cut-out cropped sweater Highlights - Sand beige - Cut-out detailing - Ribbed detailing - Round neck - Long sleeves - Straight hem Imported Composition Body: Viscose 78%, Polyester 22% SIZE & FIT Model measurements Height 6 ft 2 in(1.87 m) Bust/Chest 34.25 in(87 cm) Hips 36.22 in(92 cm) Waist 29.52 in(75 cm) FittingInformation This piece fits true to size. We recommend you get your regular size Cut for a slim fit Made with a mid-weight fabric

******************************

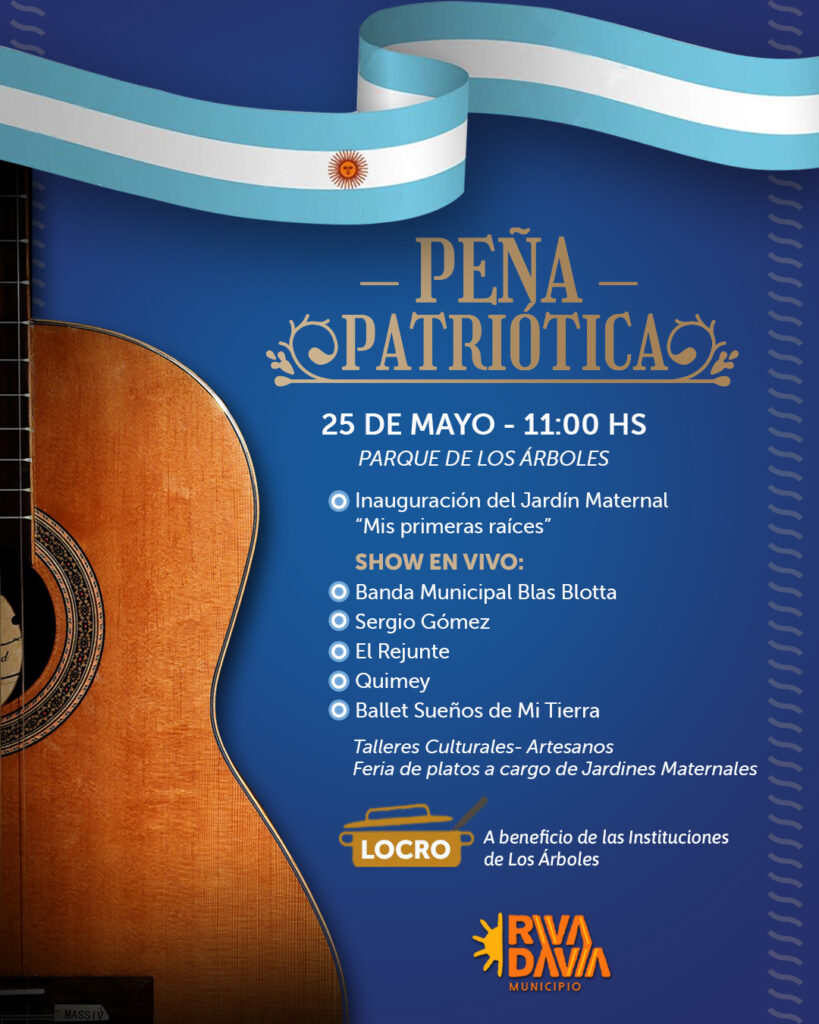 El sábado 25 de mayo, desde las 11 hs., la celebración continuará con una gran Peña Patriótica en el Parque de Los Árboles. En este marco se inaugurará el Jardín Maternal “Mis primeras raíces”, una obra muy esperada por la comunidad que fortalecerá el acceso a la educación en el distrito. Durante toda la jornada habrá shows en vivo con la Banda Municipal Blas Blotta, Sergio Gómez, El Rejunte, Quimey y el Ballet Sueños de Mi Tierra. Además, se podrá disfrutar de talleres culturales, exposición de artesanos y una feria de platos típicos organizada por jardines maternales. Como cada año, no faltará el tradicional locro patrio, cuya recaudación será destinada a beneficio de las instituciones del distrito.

******************************

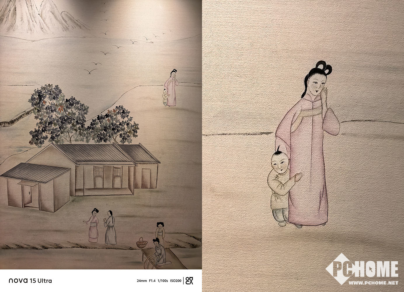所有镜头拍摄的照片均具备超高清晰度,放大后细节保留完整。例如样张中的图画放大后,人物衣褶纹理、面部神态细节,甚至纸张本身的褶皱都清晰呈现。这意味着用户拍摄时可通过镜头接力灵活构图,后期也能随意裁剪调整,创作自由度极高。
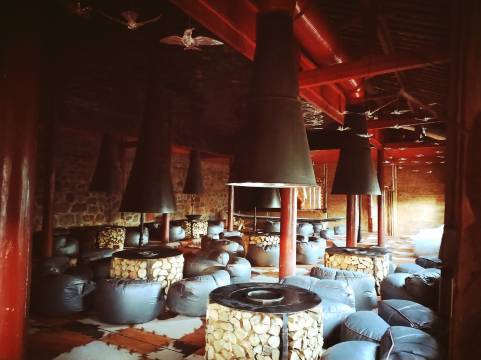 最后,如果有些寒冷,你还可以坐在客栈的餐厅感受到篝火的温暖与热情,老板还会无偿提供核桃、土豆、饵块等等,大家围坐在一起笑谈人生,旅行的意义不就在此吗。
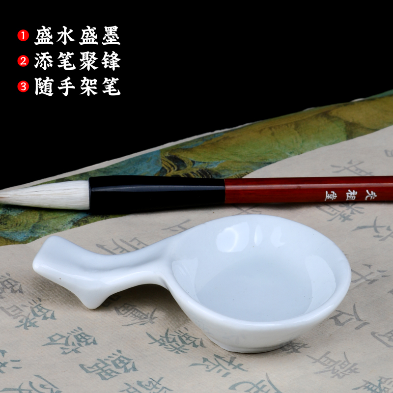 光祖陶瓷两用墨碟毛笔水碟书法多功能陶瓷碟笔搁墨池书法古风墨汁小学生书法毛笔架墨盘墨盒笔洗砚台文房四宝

******************************

**TASK TO CARRY OUT**
When you reach the line holding "最后,如果有些寒冷,你还可以" in the listing above, begin retyping exactly, and stop once the line holding "光祖陶瓷两用墨碟毛笔水碟书法" is done; pictures stay out.

**THE ANSWER**
 最后,如果有些寒冷,你还可以坐在客栈的餐厅感受到篝火的温暖与热情,老板还会无偿提供核桃、土豆、饵块等等,大家围坐在一起笑谈人生,旅行的意义不就在此吗。
 光祖陶瓷两用墨碟毛笔水碟书法多功能陶瓷碟笔搁墨池书法古风墨汁小学生书法毛笔架墨盘墨盒笔洗砚台文房四宝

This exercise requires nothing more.